In a Bing Search blog post, Jim Kleban provides an overview of Bing Speller technology with some examples of recent improvements shipped in December of 2012. “Bing Speller handles tens of thousands of queries per second and computes corrections within tens of milliseconds.”
“In close collaboration with Microsoft Research we have developed advanced machine learning models to build a great speller. The team working on speller relevance runs thousands of experiments every week – ranging from improving data freshness to improving ranking fundamentals – to deliver a better search experience,” Kleban wrote.
Bing’s Speller processes tens of millions of data points mined from searches, web pages, clicks and user actions to help you find the best possible results. Bing even adapts to constantly evolving vocabularies on the internet!
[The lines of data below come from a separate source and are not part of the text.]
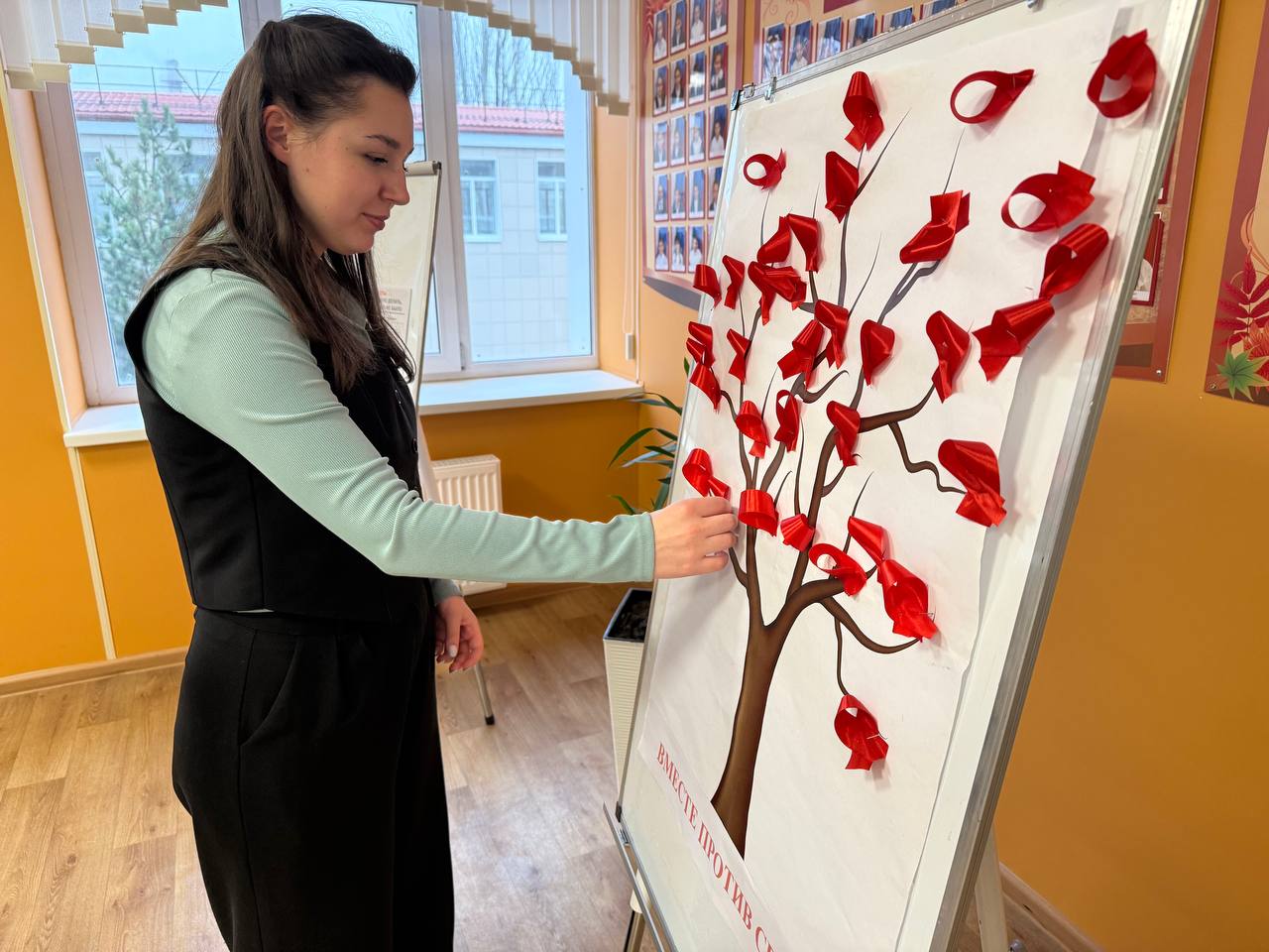 Наши активисты раздавали учащимся международный символ осознания людьми важности проблемы СПИДа — красные ленточки. Прикрепив такую ленточку к дереву, каждый выразил свою солидарность с теми, кого затронула эта проблема, и поддержал идею здорового и безопасного образа жизни. Помимо символичного атрибута, все участники акции получили специальные памятки.
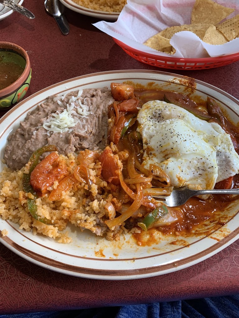 This was our first time here. I had the huevos rancheros. My husband had a chimichanga. And we thought both were very good. My meal was huge and I took over 1/2 home. So the price was great at $10.99
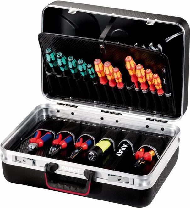 Das Design der Kofferschale besteht aus einem innovativen, strapazierfähigen und rutschfesten X-ABS-Oberflächenmaterial. Der kompakte Koffer hält wie gewohnt hohen Belastungen stand und bietet ein unschlagbares Preis-Leistungs-Verhältnis. Der Koffer verfügt über 21 Fächer, eine Abdeckplatte mit sechs großen Fächern und eine individuell unterteilbare Bodenwanne, die in gewohnter PARAT-Manier für Ordnung sorgt.

For example “is it Swarzinegar, Swarneger, Scwarznagger or Schwartiznegar?” These are just a few of more than 2,000 different ways users on Bing have typed their queries in hope of searching for “Schwarzenegger.” “You can see that many of the characters are missing between the misspelled and the corrected version. The Bing Speller employs statistical mapping schemes and phonetic similarity measures to identify and correct the misspellings,” he said.
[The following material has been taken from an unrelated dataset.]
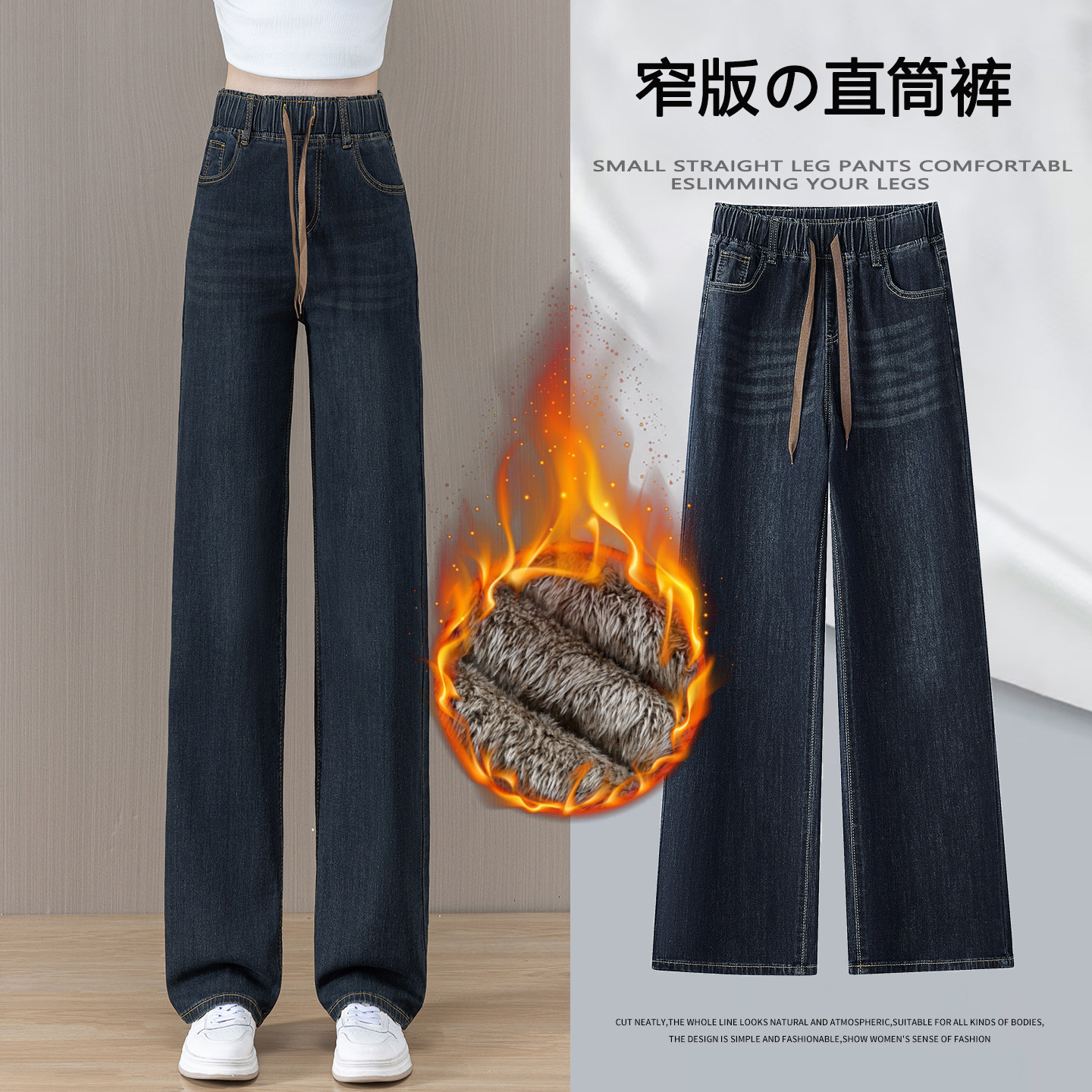 - 加绒直筒裤

“Sometimes, even when an individual word is spelled correctly, the Bing Speller corrects it to better suit the searchers intent. “One of the most powerful clues we have to find the right spelling is the context of the query. For example, someone recently searched the phrase: “how can you sea if money is reel.” In this case, “the Bing Speller corrects the two words “sea” to “see” and “reel” to “real”,” Kleban explained. Though the two words were correctly spelled, they don’t make sense in the context of the search. The correction has a big impact on the quality of the web results,” Kleban added further.
The aim of the Bing Speller is to correct these queries so users receive relevant web results that match their intent even when their query is misspelt. “It takes state-of-the-art machine learning, statistical modeling, information retrieval, and significant engineering muscle to deliver high quality web scale spell correction at high speeds.”